**What the task asks:** Restate the whole listing below word for word and keep the images out.

**Information shown:**
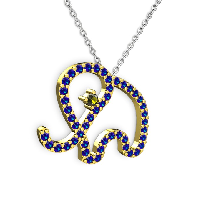 Lab safir ve peridot 925 ayar altın kaplama gümüş kolye (40 cm beyaz altın rolo zincir)
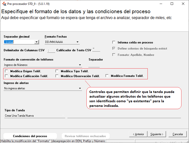 En el preproceso de un archivo se define también lo que luego hará AltasLT al procesar la tanda de datos. Los controles identificados como “Modifica Origen”, “Modifica Tipo”, “Modifica Calificación”, “Modifica Observación” y “Modifica Formato” permiten definir cuales atributos de cada teléfono pueden ser modificados o corregidos por la tanda de nuevos datos.
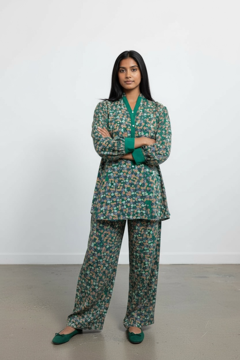 Color & Pattern: The ensemble has a green base color with an all-over, repeating floral pattern featuring red and subtle white/green rosebuds and leaves.

**Result for this exercise:**
 Lab safir ve peridot 925 ayar altın kaplama gümüş kolye (40 cm beyaz altın rolo zincir)
 En el preproceso de un archivo se define también lo que luego hará AltasLT al procesar la tanda de datos. Los controles identificados como “Modifica Origen”, “Modifica Tipo”, “Modifica Calificación”, “Modifica Observación” y “Modifica Formato” permiten definir cuales atributos de cada teléfono pueden ser modificados o corregidos por la tanda de nuevos datos.
 Color & Pattern: The ensemble has a green base color with an all-over, repeating floral pattern featuring red and subtle white/green rosebuds and leaves.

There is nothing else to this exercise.